*ASSIGNMENT*. Hand back every line from the beginning of the data below through the line containing "This Malachite With", word for word and free of pictures.

*SUPPLIED INFORMATION*.
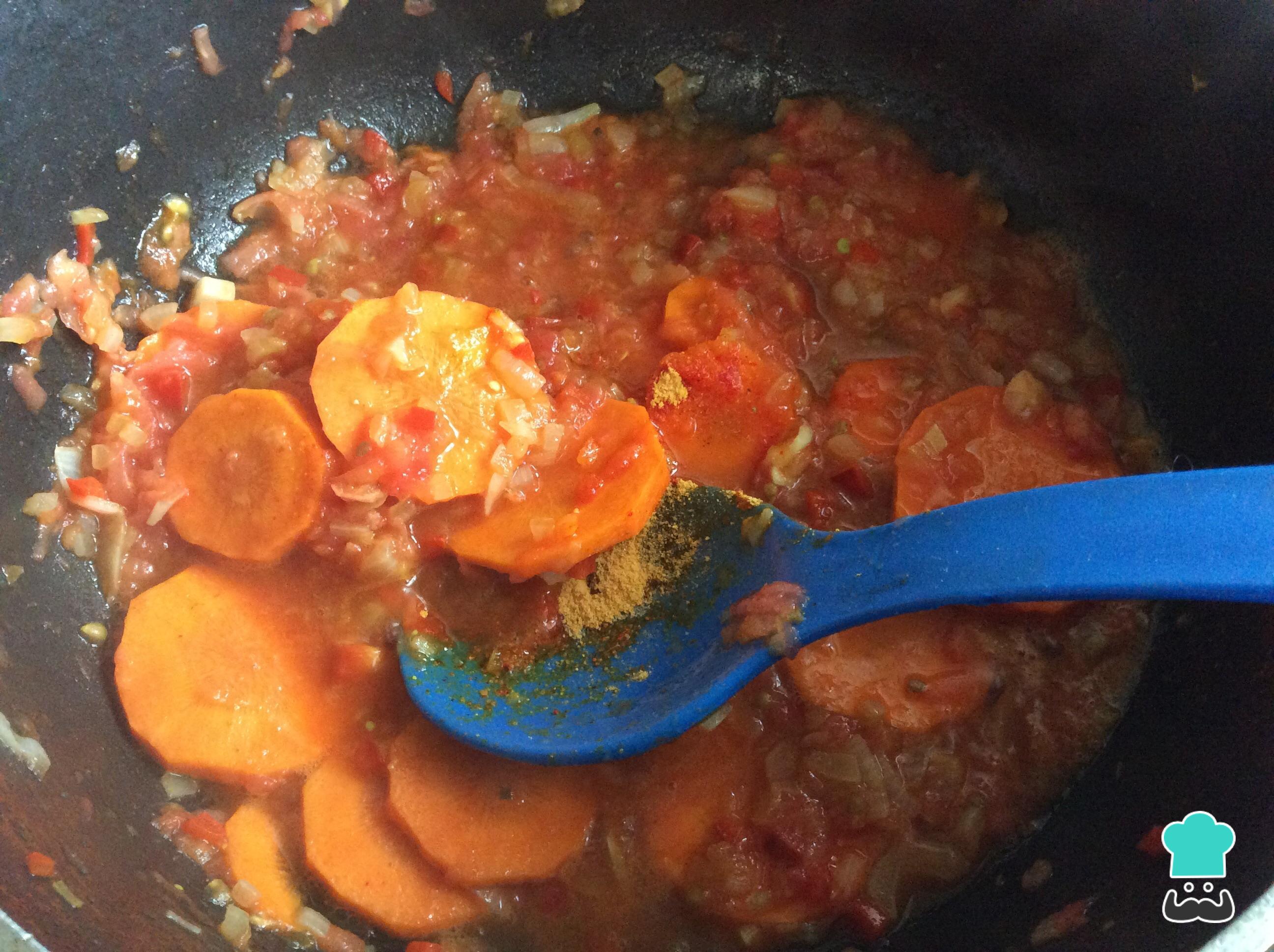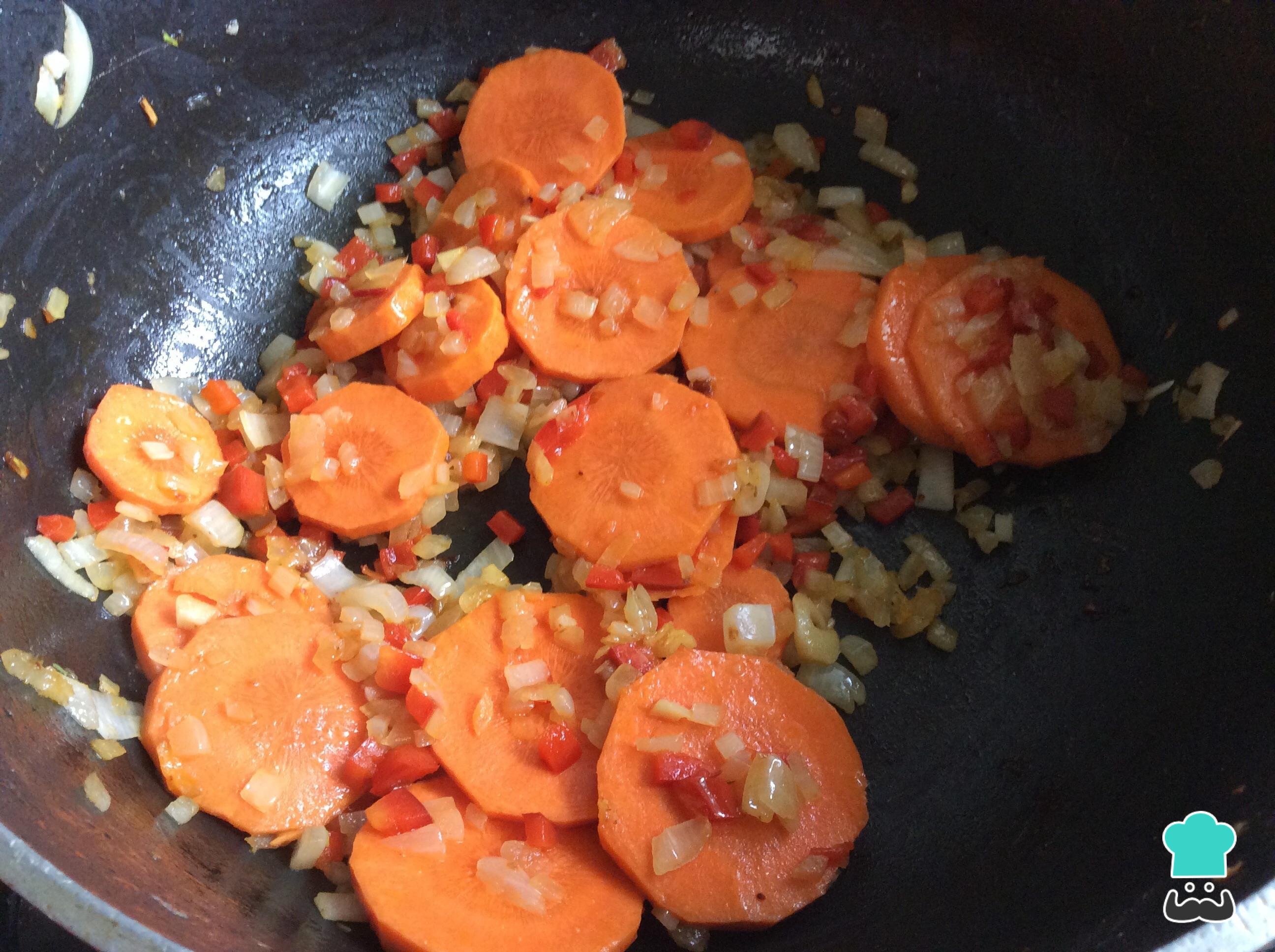 Na mesma frigideiracozinhe a cenoura cortada em rodelas, o pimentão vermelho e a cebola, ambos picados finamente, em fogo alto por 5 minutos.
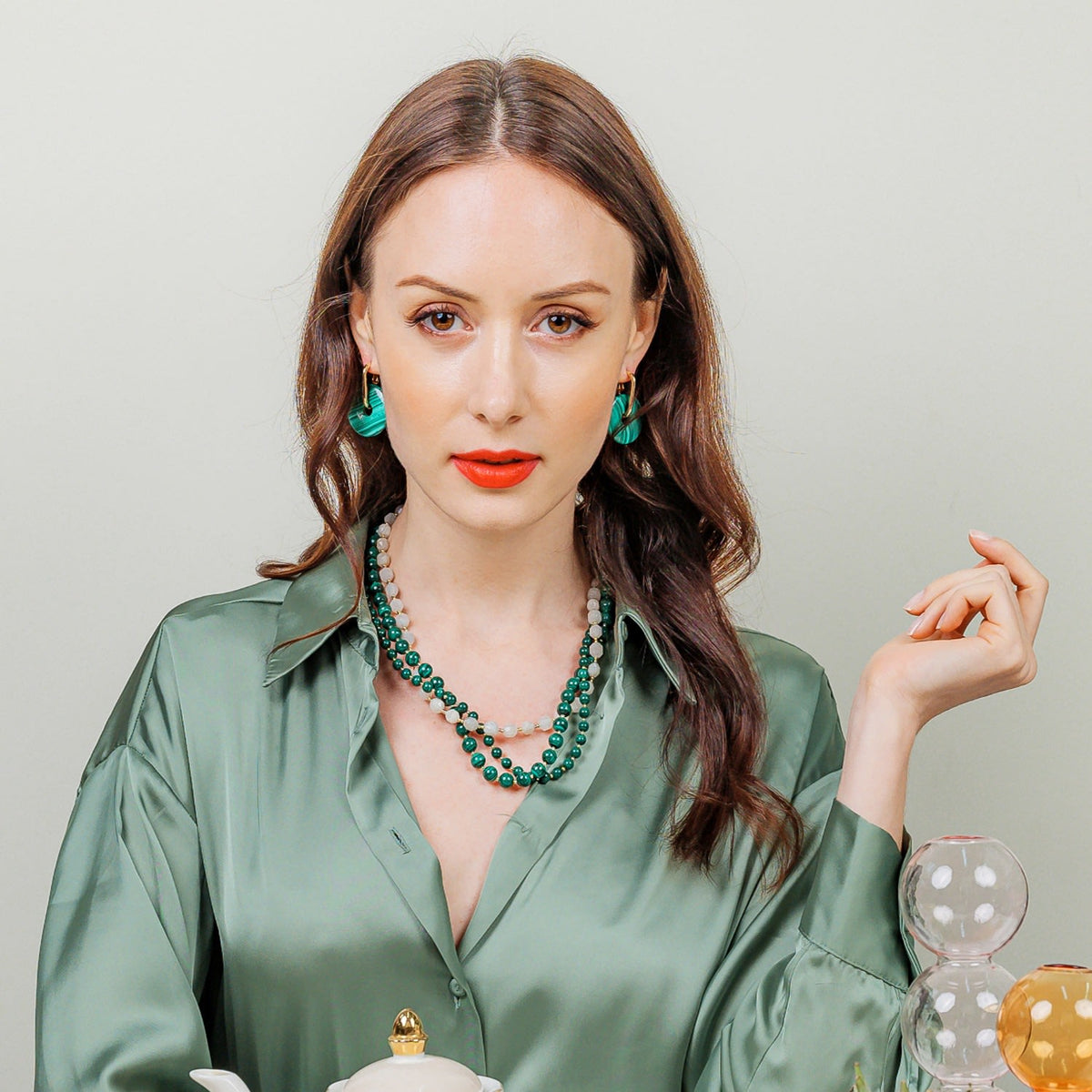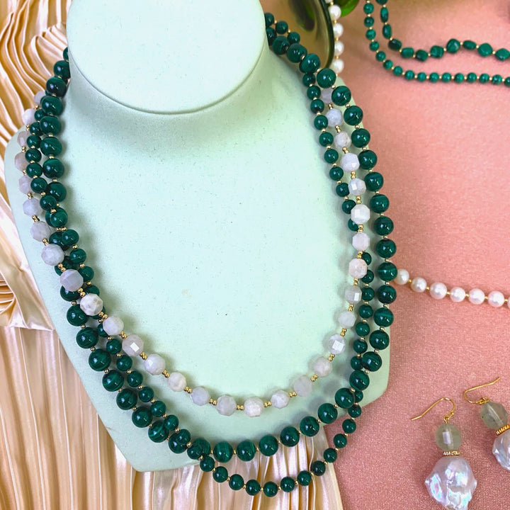 This Malachite With Moonstone Triple Strands Necklace by Farra is an elegant and brilliant handmade accessory. The triple-layered design, featuring malachite and moonstone, creates a stunning and luxurious look. This necklace is perfect for wearing with a blouse or dress to complete your look, and it also makes for a lovely gift.
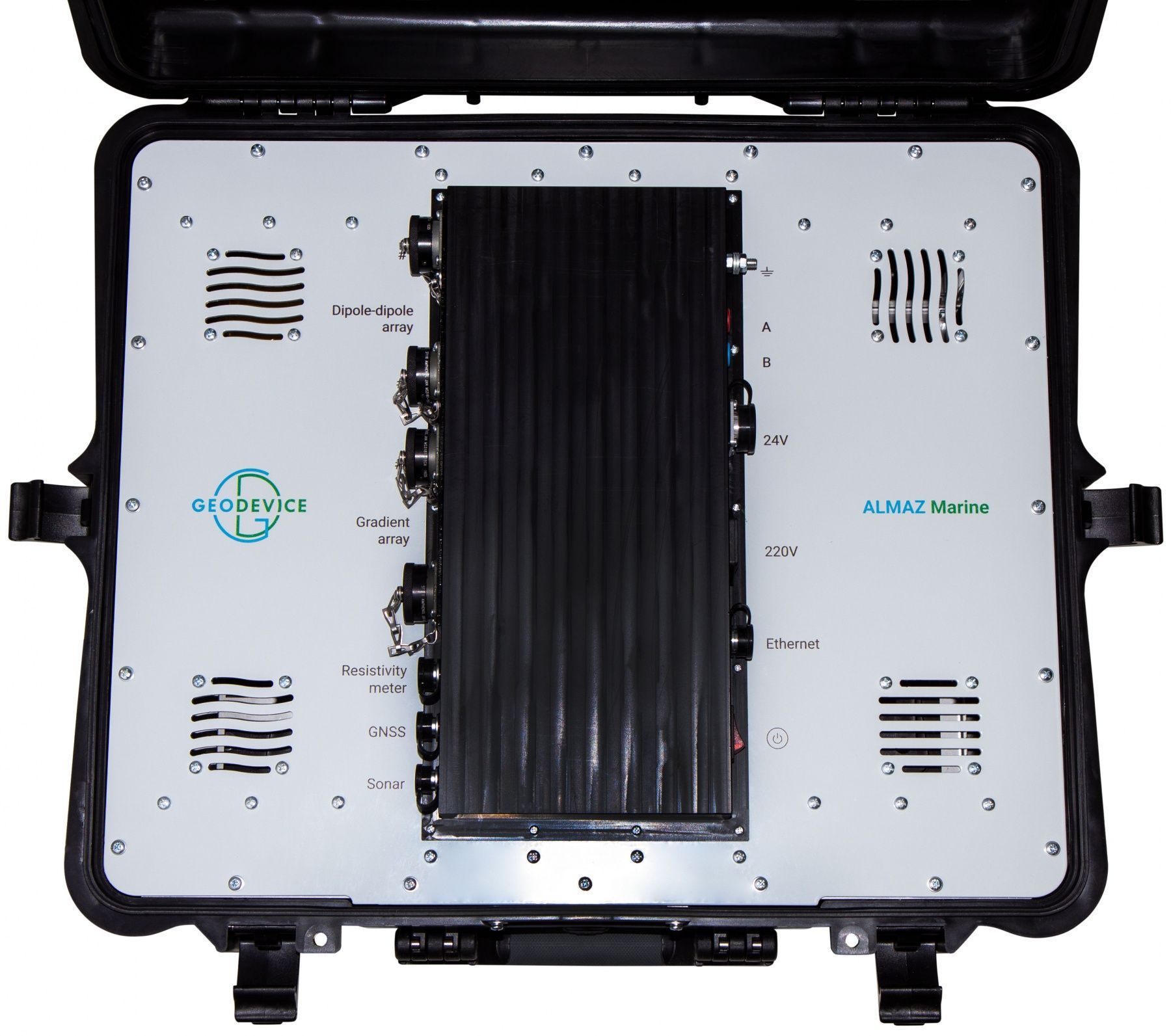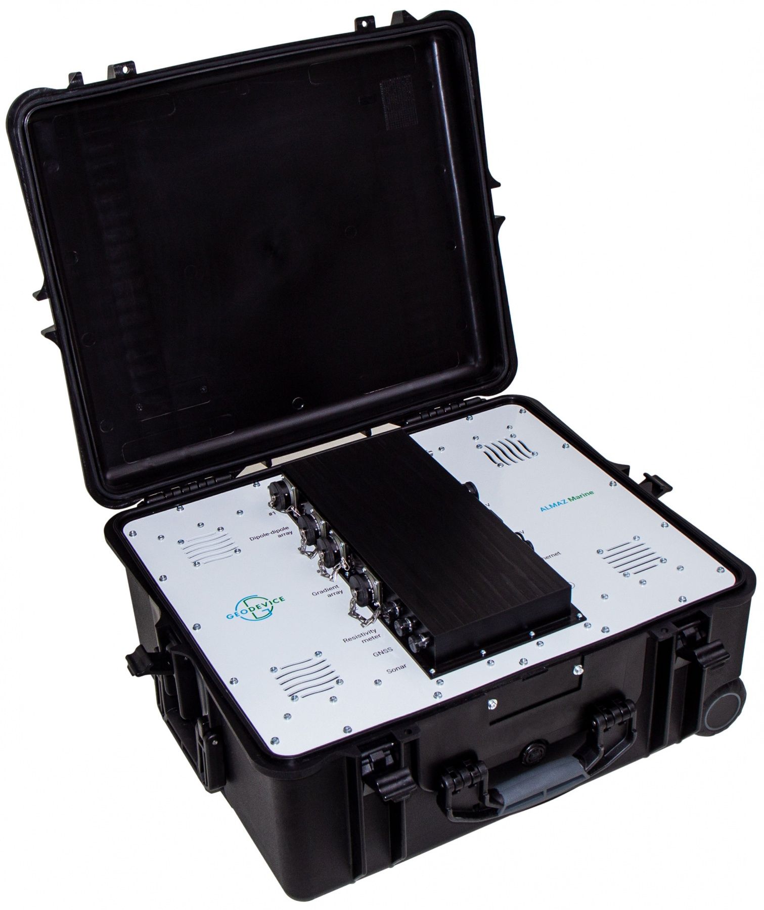 ALMAZ Marine - тұрақты токты (ЭТ/ВП) немесе өтпелі процесті (ЗСБ/МПП/ЭМЗ-ВП) тіркейтін 72 электродты кабельмен тіркеу арқылы үздіксіз су зондтауын (НАЗ) орындауға арналған әлемдегі ең заманауи кешен. Бірегей 3 кВт генератор токты 10 А-ға дейін жеткізуге мүмкіндік береді, ал сыртқы тұрақты ток көзін пайдаланған кезде 50 А қуаты бар ток коммутациясы қол жетімді.. Кірістірілген қосқыш үш қол жетімді параметрдің біреуін таңдауға арналған. Бұл тәсіл 32 өлшеу арнасы (MN) бойымен деректерді синхронды жазумен бірге, тұщы суларда да, түбі бірнеше ондағанға дейінгі тереңдіктегі теңіз суларында да ~75-95 м-ге дейінгі электр томографиясы арқылы мүмкін болатын ең жоғары рұқсатты және зерттеу тереңдігін қамтамасыз етеді. метр.

*EXERCISE RESULT*.
 Na mesma frigideiracozinhe a cenoura cortada em rodelas, o pimentão vermelho e a cebola, ambos picados finamente, em fogo alto por 5 minutos.
 This Malachite With Moonstone Triple Strands Necklace by Farra is an elegant and brilliant handmade accessory. The triple-layered design, featuring malachite and moonstone, creates a stunning and luxurious look. This necklace is perfect for wearing with a blouse or dress to complete your look, and it also makes for a lovely gift.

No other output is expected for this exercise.